Las políticas de rentas como la renta básica o el ingreso mínimo vital pueden potencialmente ampliar los límites de la intervención estatal, lo que puede parecer a priori positivo y, de hecho, puede suponer beneficios sensibles para un amplio conjunto de la población vulnerable. Sin embargo, para que suponga un avance efectivo en la situación de las mujeres las políticas deben considerar también una evaluación de sus consecuencias desde el punto de vista del equilibrio de género dentro de los hogares y en el mercado de trabajo, considerando además la diversidad de las situaciones que afrontan las mujeres en función de su condición social, económica, étnica, de edad, etc.

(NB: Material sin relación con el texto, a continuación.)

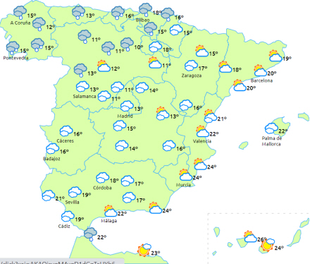 Ny Atlanterhavsfront ventes over halvøen og Balearerne, hvilket giver overskyet himmel og nedbør, der er mest udbredt i Galicien og i områderne langs nordvestkysten. Nedbøren breder sig fra nordvest til sydøst i løbet af dagen til andre dele af den nordvestlige halvdel og vil være mere intenst i bjergene.

Por otra parte, tal como se argumenta en el “Manifiesto feminista por la Renta Básica” recientemente lanzado por la Red Renta Básica y numerosas entidades y organismos, así como por destacadas figuras del ámbito de la comunicación, el activismo político o la academia, la “renta básica debe ir vinculada a la defensa y ampliación de los derechos y servicios públicos” 3 . Cuando la red pública falla o se debilita, los cuidados vuelven como un bumerán sobre los hombros de las mujeres. Superados los primeros obstáculos de la implementación administrativa de una medida nueva y su adecuada gestión financiera, parece indudable que contribuirá a reducir el número de hogares en situación de pobreza y amortiguará el efecto de la crisis de la COVID-19 sobre las economías más vulnerables, entre las que se encuentran numerosos hogares con hijos dependientes encabezados por mujeres. Ahora bien, hasta qué punto esto ayudará a cerrar la brecha de género de la pobreza en nuestro país y a dibujar un horizonte de certidumbre en la reducción de la brecha de pobreza, la precariedad y la discriminación que sufren las mujeres dependerá en gran medida de que venga acompañada por medidas de carácter estructural, haciendo propias las dos cuestiones centrales de la agenda feminista, la reorganización de los cuidados y la autonomía financiera de las mujeres (Porta & Babiker,, 8 de junio de 2020). Sólo así superará su carácter de medida de emergencia (sumada o más bien sustitutiva de otras ya existentes, como la ayuda por hijo a cargo), para convertirse en un instrumento de transformación social y no en una prestación económica de carácter paliativo.